Eberwolf, immobile, le fixa d’un œil agressif. Puis il s’en alla.
« Il t’a dit quoi ? », demanda alors Eloisa.
Mikael haussa les épaules. « Rien. »
« Qu’est-ce que tu fais dehors, malheureux ? », s’écria soudain Agnete, de retour avec un paquet sous le bras. Elle le saisit par le coude et le secoua. « Tu dois faire ce que je te dis, gamin ! Toujours ! » Elle se tourna vers Eloisa : « Vous avez quoi dans la tête, tous les deux ? De la sciure ? »
Mikael voulut rentrer.
« Où tu vas ? l’arrêta Agnete.
— Dedans…, dit tout doucement Mikael.
— À quoi ça sert maintenant ? Tout le monde t’a vu. » Agnete était furieuse. « Il va falloir que je leur dise de rien raconter aux gardes. On n’aura plus qu’à espérer qu’ils se taisent, imbécile que tu es », dit-elle, d’une voix dure masquant son inquiétude. Elle hocha la tête. Puis jura entre ses dents, énervée. « Déshabille-toi », dit-elle enfin.
Eloisa ricana.
Mikael regarda autour de lui. Les paysans étaient déjà dans la rue. « Moi ? Pourquoi ?
— Tu pues la merde », répondit Agnete. Elle lui montra le paquet qu’elle avait apporté. C’étaient des habits propres. « Je les ai pris chez Margit. Ils sont trop petits pour son fils. Tant que t’es ici, tu les mettras. »
Mikael regarda de nouveau autour de lui. « Je peux me changer à l’intérieur ?
— Non. Tu m’empuantis la maison. T’as honte ? T’auras pas besoin d’enlever ton caleçon. »

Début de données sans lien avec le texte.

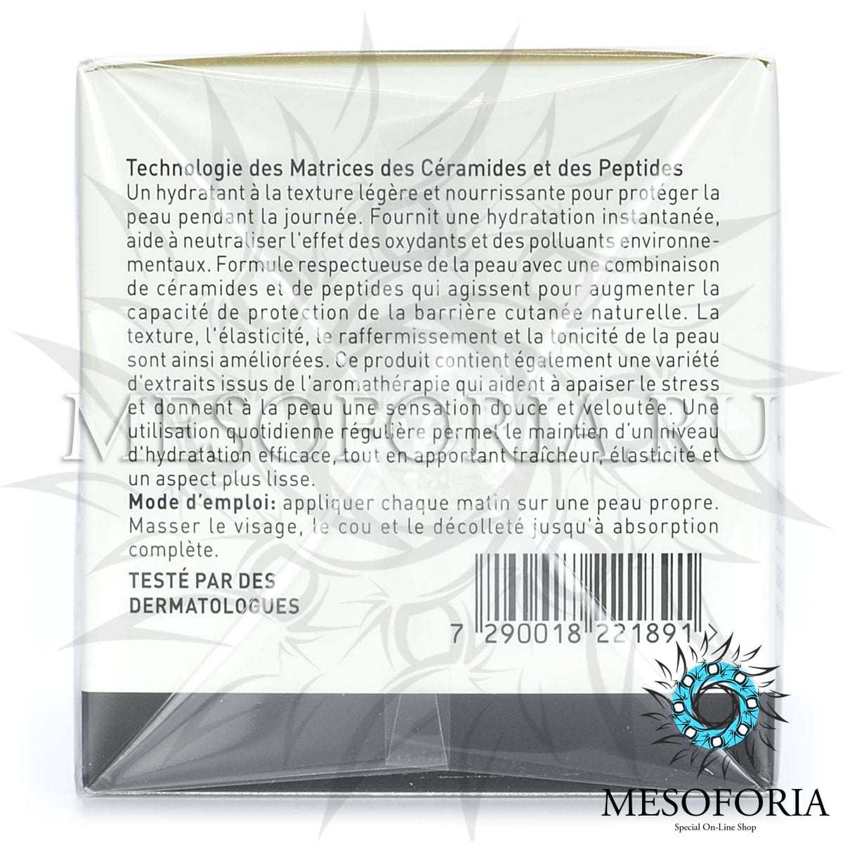 Активные ингредиенты: пептидный комплекс PCM™, гиалуроновая кислота 5-20 КДа - 0.3%, витамин Е, экстракты масла Ши, сои, онопордума акантия, лаванды, жасмина, пиона, черной бузины.

Mikael, à contrecœur, commença de se déshabiller.
Eloisa riait. Mais quand il fut dévêtu, elle redevint tout à coup sérieuse et le regarda en entier.

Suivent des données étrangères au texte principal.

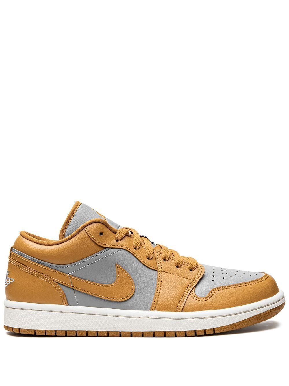 Air Jordan 1 Low "Chutney" sneakers Jordan offers a wearable take on the Air Jordan 1 Low with the "Chutney". In grey and soft orange hues, it is detailed with the iconic Swoosh logo and Wings motif and finished with the Jumpman at the tongue. Highlights - Grey/orange - Calf leather - Panelled design - Signature swoosh logo detail - Signature jumpman motif - Signature air jordan wings logo - Perforated - Round toe - Front lace-up fastening - Rubber sole - Signature air cushioning - Release date: october 31, 2022 - These styles are supplied by a premium sneaker marketplace. stocking only the most sought-after footwear, they source and curate some of the most hard to find sneakers from around the world. Imported Composition Leather 100% SIZE & FIT FittingInformation This piece fits small – take one size up

« T’es devenu fort, dit Agnete, une note d’étonnement et de fierté dans la voix. Ils disaient que t’avais des muscles d’écureuil, mais maintenant t’as l’air d’un louveteau. »
Mikael rougit et évita de regarder Eloisa.
« Qu’est-ce qui t’est arrivé ici ? demanda Agnete en montrant les bleus qu’il avait sur le ventre et dans le dos.
— Je suis tombé, dit Mikael.
— Ojsternig ? »
Mikael fit signe que non.
« Alors c’est pas difficile de deviner sur qui tu es tombé. Ça ne peut être que lui, dit Agnete.
— Elderstoff ? », demanda Eloisa, qui sentait la colère monter.
Mikael ne répondit pas et enfila rapidement les habits propres.
« Je le déteste ! s’exclama Eloisa. La prochaine fois…
— Non ! », la coupa Mikael, avec des yeux effrayés. Il la regarda en silence quelques instants, puis il dit : « Me défends plus jamais.
— C’est pour ça qu’il t’a frappé ? », demanda Agnete. Elle se tourna vers sa fille avec un regard sévère. « Qu’est-ce que je t’avais dit ? »
Eloisa baissa les yeux, mortifiée.
Agnete lui lança la brosse en chiendent : « Enlève cette merde sur ses habits », lui ordonna-t-elle.
Eloisa rougit de colère, tandis que Mikael ramassait les vêtements sur le sol. « Donne », dit-elle en les lui arrachant des mains. Et elle se dirigea d’un pas furieux vers l’arrière de la maison.
Quand sa rage fut calmée et qu’elle eut brossé les vêtements, elle revint, s’approcha de Mikael et, à mi-voix pour qu’Agnete n’entende pas, promit : « Je lui dirai plus rien ».